Continue to do as you have been doing. If you saw Jesus standing there, you would not ignore him and then bow to the altar. Nowhere will you find any official Church document directing one to ignore the Presence of our Lord in the tabernacle. Sometimes we priests don’t see the forest for the trees.



  1. william neal Reply

    it sounds to me that the priest is trying to “rush” through Mass and get it over with. You know, to preserve those precious few seconds out of our busy lives.

  2. Ron Naquin Reply

    I am an Instituted Acolyte. During my formation and afterward, I have been instructed to bow (reverence) the altar during the mass. This is because the altar is the focal point of the sacrifice of the mass. Where Jesus is made truly present before us. Outside of the mass, the tabernacle is reverenced with a profound bow or genuflect. Of course, every church parish has their own local customs. Follow the instructions of your pastor and or bishop.

    1. JOY Reply

      Same as we were told.

  3. Mary McGrory Reply

    At Garabandal, Our Lady said less and less importance is being paid to Our Lord in the Blessed Sacrament, I believe she is right. I think we should genuflect if we are able every time we pass the tabernacle, kneel as much as we are able and bow otherwise, but always showing great adoration and attention to Jesus’ presence. ‘God only on the cross lay hid from view, but here lies hid both his manhood too’ from the hymn Oh Godhead hid devoutly I adore Thee, which gives us a good understanding of the Eucharist, I think.

  4. Rudy Reply

    “If, however, the tabernacle with the Most Blessed Sacrament is situated in the sanctuary, the Priest, the Deacon, and the other ministers genuflect when they approach the altar and when they depart from it, but not during the celebration of Mass itself.

    Otherwise, all who pass before the Most Blessed Sacrament genuflect, unless they are moving in procession.

    Ministers carrying the processional cross or candles bow their heads instead of genuflecting.”

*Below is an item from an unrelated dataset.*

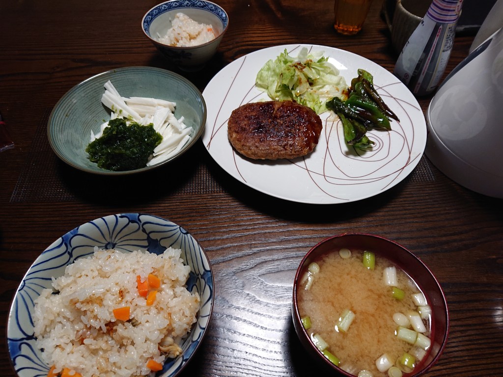 昨日の夕食は、アサリご飯とハンバーグでした。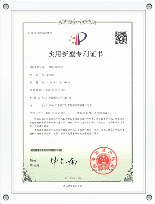 Utility Model Patent Certificate

  5. Matevz Hribernik Reply

    The general instruction of the Roman Missal clearly states that while mass is celebrated, the focal point of the mass is the Altar (the one that was kissed by the priest at the start of the mass, it is representing the Christ during the Mass). Altar is representing Christ during the mass, the sacrifice of mass is going to happen there, that is why the Altar is more important than the presence of the Lord in the Tabernacle. Although a bow can be allowed to the tabernacle (we perform it, but only altar boys due to the nature of the sanctuary and sacristy location, but we all genuflect at the beginning and end of mass), the genuflection would not be advised, precisely because of the rule 274. But if you bow to the tabernacle you should always bow to the Altar too. It is funny because you don’t have that problem when celebrating the extraordinary form. 😉

    274. A genuflection, made by bending the right knee to the ground, signifies adoration, and therefore it is reserved for the Most Blessed Sacrament, as well as for the Holy Cross from the solemn adoration during the liturgical celebration on Good Friday until the beginning of the Easter Vigil.

    During Mass, three genuflections are made by the priest celebrant: namely, after the showing of the host, after the showing of the chalice, and before Communion. Certain specific features to be observed in a concelebrated Mass are noted in their proper place (cf. nos. 210-251).

    If, however, the tabernacle with the Most Blessed Sacrament is present in the sanctuary, the priest, the deacon, and the other ministers genuflect when they approach the altar and when they depart from it, but not during the celebration of Mass itself.

    Otherwise all who pass before the Most Blessed Sacrament genuflect, unless they are moving in procession.

    Ministers carrying the processional cross or candles bow their heads instead of genuflecting.

    I think this answer can be altered a bit because it can be misleading.

  6. Debra Reply

    Actually, I believe this is incorrect. If I understand the question correctly, the OP is talking about going forward to read as a lector *during* Mass. This is covered by the GIRM which states we should stop and make a profound bow before proceeding into the sanctuary, and again before returning to one’s seat. When Mass is not in progress, the genuflection is more appropriate.